До предела обессиленные, они не помнили, когда шторм пошел на убыль. Их бросило в пропасть, подняло на гребень волны, и всем на голову свалился липкий сон. Их словно накрыло сразу слоем зеленой тяжелой воды, и они уже больше не всплывали на поверхность. Павло Заброда что-то кричал им, но никто его теперь не слышал, и он скоро умолк, тоже впав в тяжкое забытье.
А море спрятало белые зубы. Оно поблескивало на солнце сверкающей волной, пускало зайчики и словно улыбалось потерявшим сознание морякам. Улыбалось добро, ласково: «Молодцы! Выдержали, не покорились, устояли…»
Под палящими лучами высохла одежда, а когда Алексей Званцев шевельнулся, она на нем загремела. От этого, наверное, он очнулся, тихо попросил:
- Воды-ы!
Лежащий рядом Павло с трудом поднялся на локте и зажмурил глаза, привыкая к слепящему солнцу, которое снова затопило все вокруг. Набрав пригоршню морской воды, напоил Званцева, спросил!
- Ну, как тебе, Алексей?
- Больно…
- Что?
- Рана…
- Сейчас посмотрим…
Павло размотал бинты и увидел по-прежнему незаживающую рану. Промыл ее, выстирал бинты и снова туго забинтовал Званцева.
- Ну что там? - тревожно спросил Алексей.
- Ничего. Подсыхает немного, - неуверенно сказал Павло.
- Может, выживу?
- Да уж верно, что выживешь, - покраснел Павло и, досадуя на себя, прибавил: - Если бы ты в госпиталь ко мне попал, давно бы уж плясал, казак… А тут, видишь, затянулось… Все равно победим. Вон какой шторм победили!..
- Да, - пробовал улыбнуться Званцев.
В шлюпке плавали две каски, постукивая о решетчатое дно. Воды было по щиколотки. Ее не вычерпывали со вчерашнего дня.
На корме спал, разбросав руки, Фрол Каблуков. Алюминиевая фляга свисала на шнурке с его шеи, тихо постукивая о борт. Прокоп Журба лежал возле него, закинув на борт правую руку.
А вокруг море и море. И ни берега, ни чайки…
Павло сел на носу шлюпки и, приложив ко рту обе ладони, как в мегафон, закричал:
- Говорит Москва!
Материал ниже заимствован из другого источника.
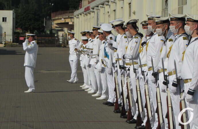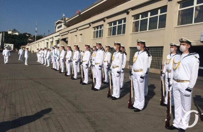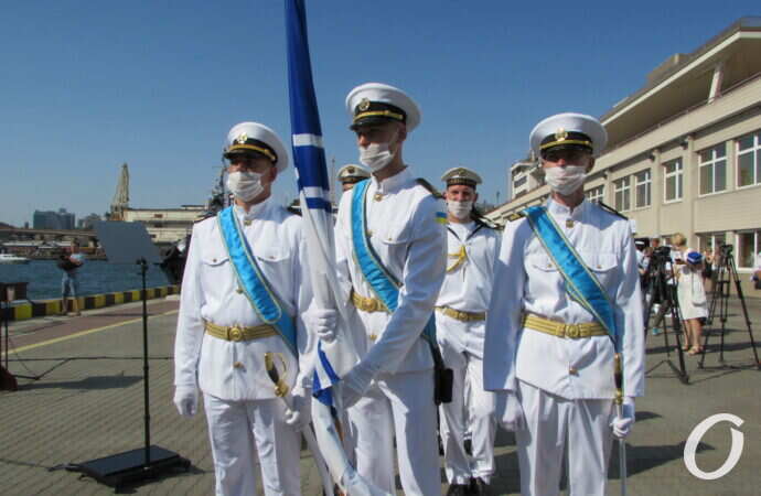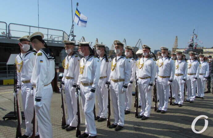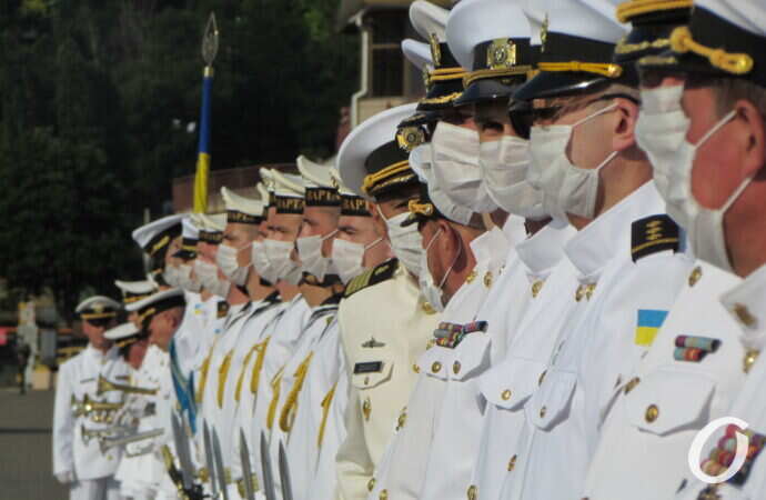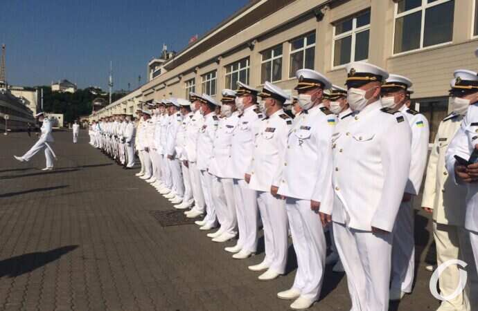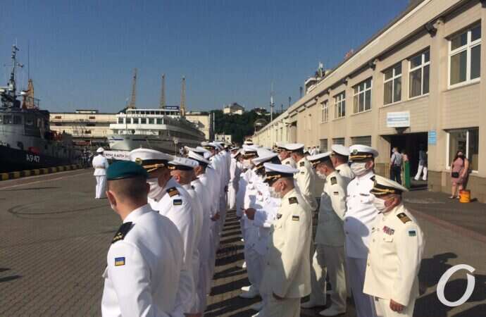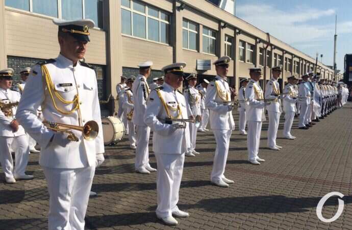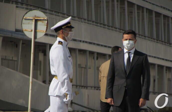 На причале Одесского морского вокзала, за несколько часов до прибытия президента Украины Владимира Зеленского, начали собираться моряки. Как всегда – в белоснежной парадной форме, но, теперь ещё и в масках. Рядом с ними оркестр.

Доброе утро, товарищи! Сегодня…
И осекся. Какое же сегодня число? Вот уже и сбился со счета. Он вынул часы, приложив к уху, послушал их ход. Подзавел пружину. И совсем случайно увидел на никелированной крышке свое отражение. Увидел и ужаснулся. Тощий, шея в палец толщиной. А зарос как, мама родная! Усы, борода! Седина!.. В двадцать три года. Ну да это не беда, лишь бы увидеть берег, ступить на него и отомстить фашистам за эти нечеловеческие страдания в море. Отомстить за все, что натворили фашисты в родном краю. От Ленинграда до Балаклавы. От Сухой Калины до Керчи… Ведь правда на нашей стороне, она не даст и им четверым погибнуть…
В голове мутилось. Павла стали утомлять даже мысли. Зачерпнул горсть воды, напился.
Все уже проснулись и смотрели вокруг какими-то мутными, словно потускневшими глазами.
Фрол Каблуков, показывая рукой на горизонт, тихо спросил:
- Земли не видать?
- Нет…
- А чайка не летала?
- Не летала…
- Значит - крышка. Не дотяну. Оденусь в сосновый бушлат.
- Дотянем, Фрол Акимович, - бросил Павло. - Все дотянем до берега. Ведь тот человек голодал сорок три дня, а мы разве не сможем?
- Ох, молчи, мучитель, не терзай, ради бога! - стонет Фрол и отворачивается. - И зачем я, дурак старый, тебя послушал? Надо было в партизаны под Балаклаву пробиваться…
Но врач не молчал. Он упрямо долбил свое:
- Другие тоже долго голодали. По месяцу и по два. Неужто забыли, что я вам рассказывал? Это же не сказка, а медицинские опыты. Я же ничего не сочинил. Да и по себе судите. Скоро, наверное, двадцать дней, как голодаем… Не так ли?
- Да так, чтоб ему добра не было! Так, - вздохнул Фрол. - И денег полон мешок, и зубы еще целы, а есть нечего. Дайте мне буханку хлеба или бутылку молока - двенадцать тысяч не пожалею. Не дадите! А у нас в Саратове яблоки в эту пору очень дешевые. Целое ведро можно купить за рубль. А калачи какие? А рыба волжская? Вы такой в жизни не пробовали… Что и говорить…
- Почему не пробовали? Едали, папаша, - откликнулся матрос Журба. - Не только рыбу, но и кое-что повкуснее.
- Неужели? Ой ли?
- А ты думал! - мечтательно проговорил Журба. - Вот возьмите, к примеру, полтавский борщ. Или пампушки с чесноком. Или вареники со сметаной. Пальчики оближешь…
Матрос жадно глотал слюну и все говорил и говорил о разных блюдах, перепробованных им. Он перечислял их, рассказывал, как их приготовляют, и все время словно что-то жевал, причмокивая. Его трудно было слушать, но Павло не останавливал Прокопа. Пусть выговорится. Может, эти воспоминания прибавят сил и не так трудно будет ему переносить голод.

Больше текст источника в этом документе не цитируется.